#### Provided records
━━━━

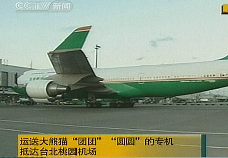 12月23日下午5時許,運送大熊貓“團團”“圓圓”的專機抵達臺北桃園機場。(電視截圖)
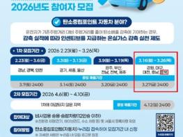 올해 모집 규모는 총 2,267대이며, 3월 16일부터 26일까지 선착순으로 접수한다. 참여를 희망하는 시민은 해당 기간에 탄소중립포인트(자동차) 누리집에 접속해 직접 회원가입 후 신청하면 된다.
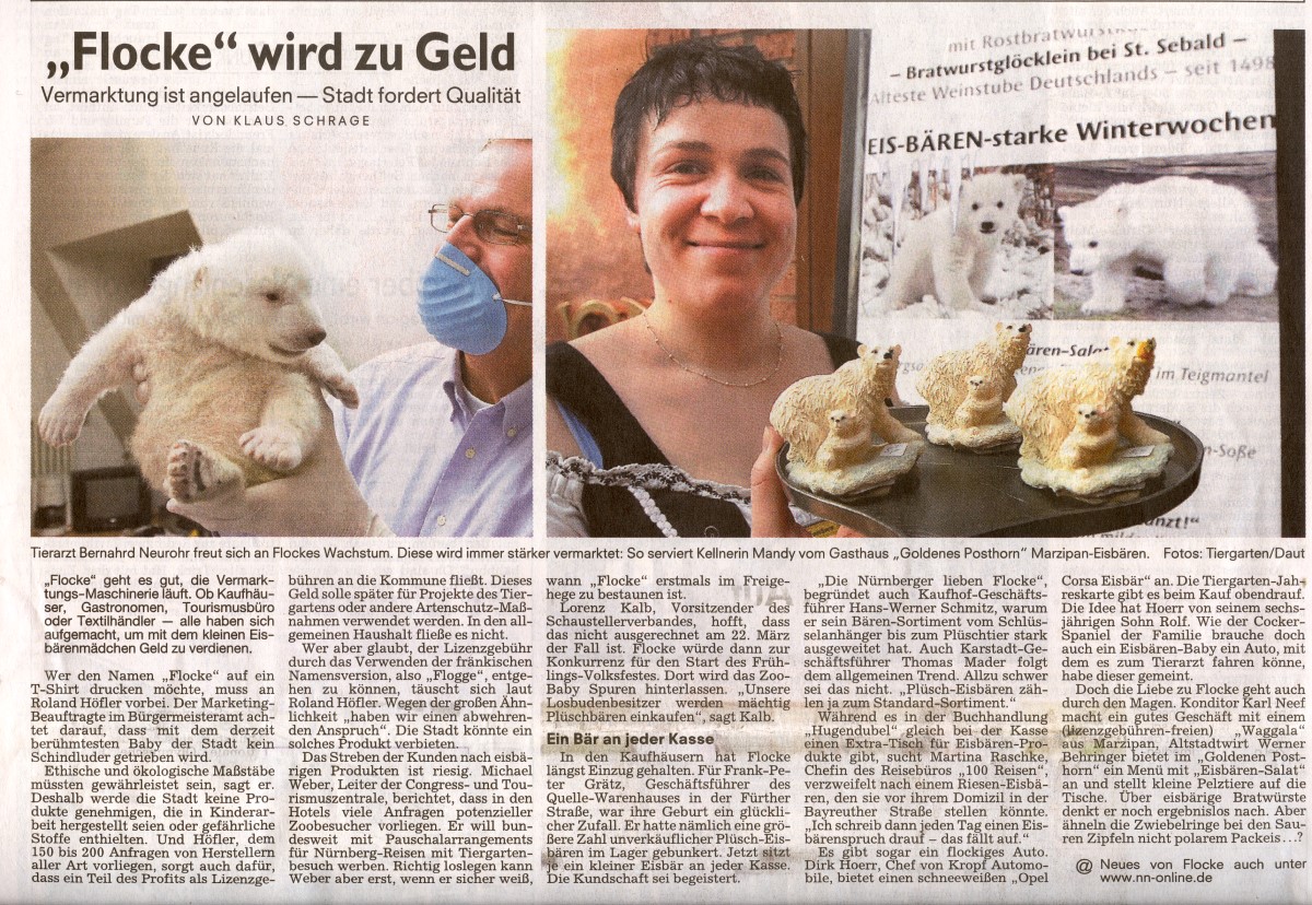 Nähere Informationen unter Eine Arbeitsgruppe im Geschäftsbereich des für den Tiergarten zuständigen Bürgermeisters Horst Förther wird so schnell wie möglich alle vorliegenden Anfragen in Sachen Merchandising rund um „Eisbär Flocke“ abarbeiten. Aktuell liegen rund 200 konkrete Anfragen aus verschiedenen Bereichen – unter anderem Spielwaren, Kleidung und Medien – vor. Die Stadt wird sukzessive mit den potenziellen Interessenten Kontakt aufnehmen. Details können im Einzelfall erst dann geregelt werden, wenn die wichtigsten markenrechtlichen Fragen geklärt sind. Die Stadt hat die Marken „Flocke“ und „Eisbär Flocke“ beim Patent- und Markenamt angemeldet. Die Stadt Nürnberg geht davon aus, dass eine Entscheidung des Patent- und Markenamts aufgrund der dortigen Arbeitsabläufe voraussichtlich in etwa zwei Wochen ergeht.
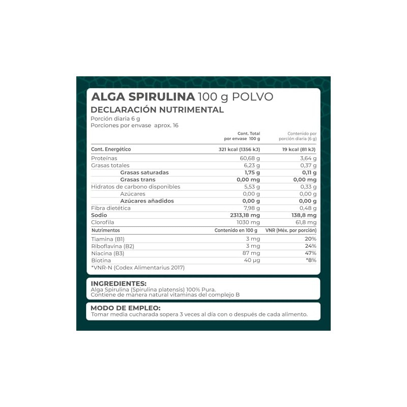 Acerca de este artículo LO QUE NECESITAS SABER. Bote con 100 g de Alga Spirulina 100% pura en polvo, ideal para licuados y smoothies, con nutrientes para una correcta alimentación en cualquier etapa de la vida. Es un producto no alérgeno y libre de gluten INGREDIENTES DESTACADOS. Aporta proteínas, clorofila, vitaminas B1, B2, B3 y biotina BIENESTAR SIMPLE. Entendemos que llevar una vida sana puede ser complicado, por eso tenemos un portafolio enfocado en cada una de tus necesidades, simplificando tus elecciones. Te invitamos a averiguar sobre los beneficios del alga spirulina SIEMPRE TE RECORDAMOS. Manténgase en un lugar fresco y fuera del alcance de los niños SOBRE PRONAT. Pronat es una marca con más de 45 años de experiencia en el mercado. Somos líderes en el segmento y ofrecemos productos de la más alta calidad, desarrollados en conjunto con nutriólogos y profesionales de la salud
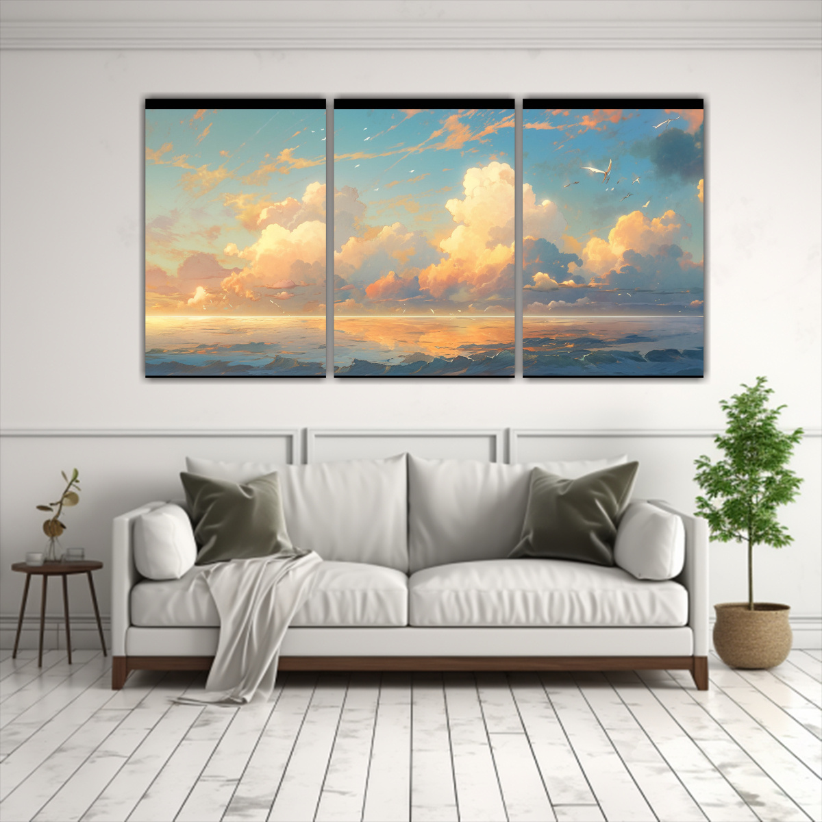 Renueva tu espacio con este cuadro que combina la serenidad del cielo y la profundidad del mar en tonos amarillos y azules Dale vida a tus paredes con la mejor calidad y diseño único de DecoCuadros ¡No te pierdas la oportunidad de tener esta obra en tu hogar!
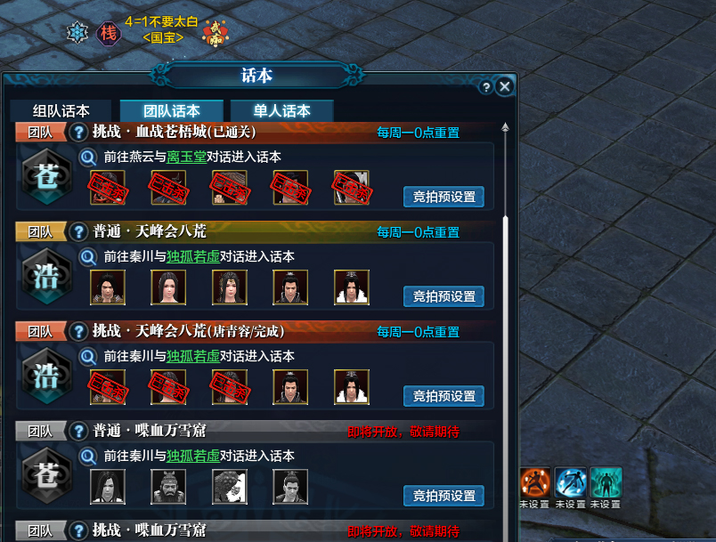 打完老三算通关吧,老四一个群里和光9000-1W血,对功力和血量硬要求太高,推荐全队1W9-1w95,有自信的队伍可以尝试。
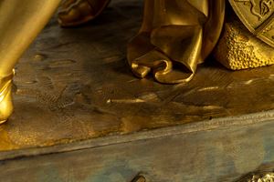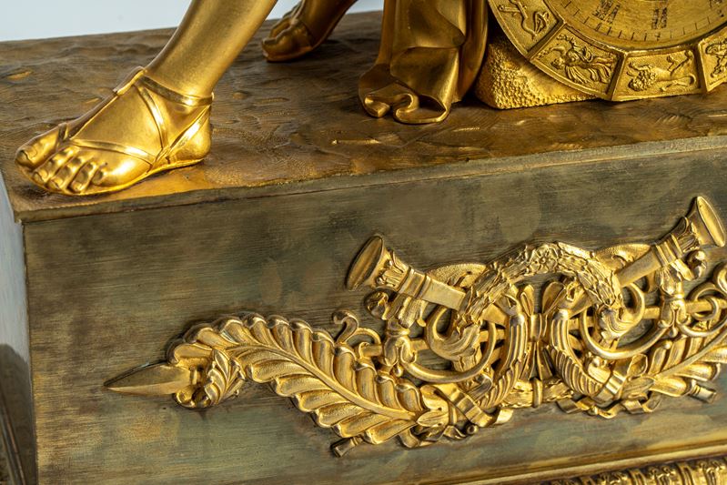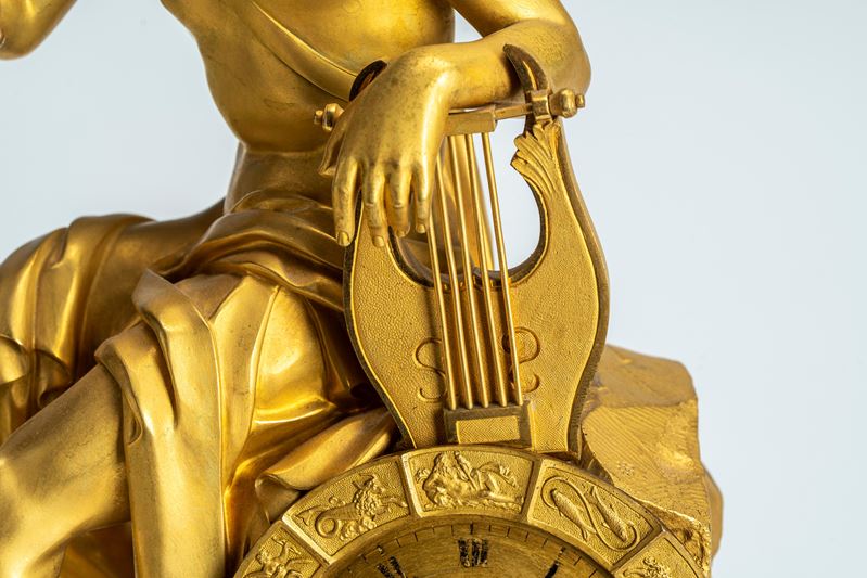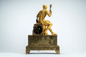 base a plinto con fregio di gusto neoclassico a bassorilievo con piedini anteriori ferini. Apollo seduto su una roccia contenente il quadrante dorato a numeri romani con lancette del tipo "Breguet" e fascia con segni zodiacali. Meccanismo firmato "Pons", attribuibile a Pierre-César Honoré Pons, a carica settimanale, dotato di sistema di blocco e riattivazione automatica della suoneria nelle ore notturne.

━━━━

#### Instructions for the task
Retype only the lines above from the one with "Renueva tu espacio" through the last, both ends included, keeping every picture out of the copy.

#### Solution to the problem
 Renueva tu espacio con este cuadro que combina la serenidad del cielo y la profundidad del mar en tonos amarillos y azules Dale vida a tus paredes con la mejor calidad y diseño único de DecoCuadros ¡No te pierdas la oportunidad de tener esta obra en tu hogar!
 打完老三算通关吧,老四一个群里和光9000-1W血,对功力和血量硬要求太高,推荐全队1W9-1w95,有自信的队伍可以尝试。
 base a plinto con fregio di gusto neoclassico a bassorilievo con piedini anteriori ferini. Apollo seduto su una roccia contenente il quadrante dorato a numeri romani con lancette del tipo "Breguet" e fascia con segni zodiacali. Meccanismo firmato "Pons", attribuibile a Pierre-César Honoré Pons, a carica settimanale, dotato di sistema di blocco e riattivazione automatica della suoneria nelle ore notturne.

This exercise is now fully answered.